Monday, June 21, 2010

V02-T07a "And where...is the Batman?"

.....This interstitial is well known as a sample.

Volume 2: "WE'RE ALL GOING TO JAIL FOR THIS, AREN'T WE?", track 7a
  • 00:10 [excerpt from "BATDANCE" (Prince)]
  • performed by Jack Nicholson (via Prince)
  • original source: CD BATMAN Warner Bros. 9 25936-2 (US)
  • and my source: the same
.....As a long time comics fan, I had serious misgivings about the casting in that first Tim Burton Batman movie. After seeing the movie I surprised myself by remarking that Michael Keaton was so promising as the lead that they should never have hamstrung him with that idiotic costume, a solid piece of vulcanized rubber with less flexibility than a truck tire. He couldn't even turn his head without turning his entire body, he couldn't raise his arms above his head without being switched into a different version of the costume. Keaton, whose earlier career was built on bottom of the barrel comedy film roles clearly written with Bill Murray in mind but which Murray wisely turned down, wasn't someone the casual filmgoer would chose first as Batman, certainly not over actors who simply look more the way Bruce Wayne is typically drawn. (Pierce Brosnan comes to mind.) But shortly before being cast Keaton was seen in a movie about a man struggling with alcoholism. Finding that movie on cable some time later made casting him seem more reasonable.

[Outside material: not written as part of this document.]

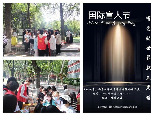 2022年10月15日是第38届国际盲人节,为了让同学们更好了解盲人,营造关心、理解盲人的浓厚氛围,音乐与舞蹈学院于2022年10月14日中午在林荫大道举行“国际盲人节--有爱的世界就不黑暗”主题活动。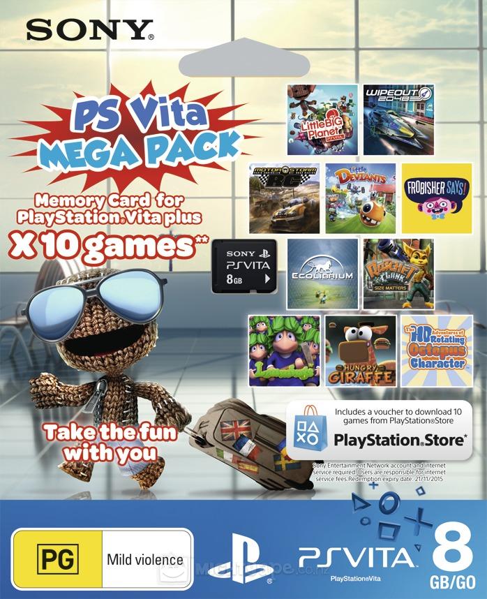 ทาง Sony เริ่มหาโปรโมชั่นแปลกๆแนวใหม่มาให้ผู้เล่นได้เสียตังกันอีกแล้วกับชุด PS Vita Mega Pack เมื่อผู้เล่นซื้อ Memory Card 8GB จะได้รับเกมของเครื่อง PS Vita แถมไปให้ด้วยอีก 10 เกมด้วยกัน โดยมีรายชื่อเกมต่างๆดังนี้

.....What I couldn't get past, not when it was announced, not while I sat in the theater watching the movie and not in the years since, was casting Jack Nicholson as the Joker. Somebody apparently couldn't absorb the fact that more than a decade had passed since "One Flew Over The Cuckoo's Nest". I know that Nicholson is sort of a sacred cow in Hollywood, largely on the strength of superlative films like "Five Easy Pieces", which were already pretty dusty when Burton's "Batman" was being filmed. I know that he's a baby boomer, meaning that when he looks in a mirror, he still sees himself as he was at 23 years of age. And at 23, he would have been magnificent as the Joker. But in 1989 he was WAAAAY TOOOO FAAAAT. I was prepared for a live action movie to gloss over or ignore many elements that ask for a suspension of disbelief in a comic book. For instance, the cape could never actually move the way it is often drawn for dramatic effect. But it doesn't seem unreasonable to expect that a character who, at the time, had been skinny for half a century to be played by a skinny actor. The Joker had been skinny in the comics, in the newspaper strip, in cartoons, on television, in coloring books, board games, paperbacks, trading cards, posters, month after month, year after year since 1940. And after Jack Nicholson played him in the movie he continued to be skinny in every iteration and permutation conceivable. It may not be as bad as casting blond English characters with Tom Cruise ("Interview With A Vampire") and Keanu Reeves ("Constantine"), but it still bothers me twenty years later that almost everyone pretended to not notice.

.....I decided that Jack could make himself useful introducing the next track.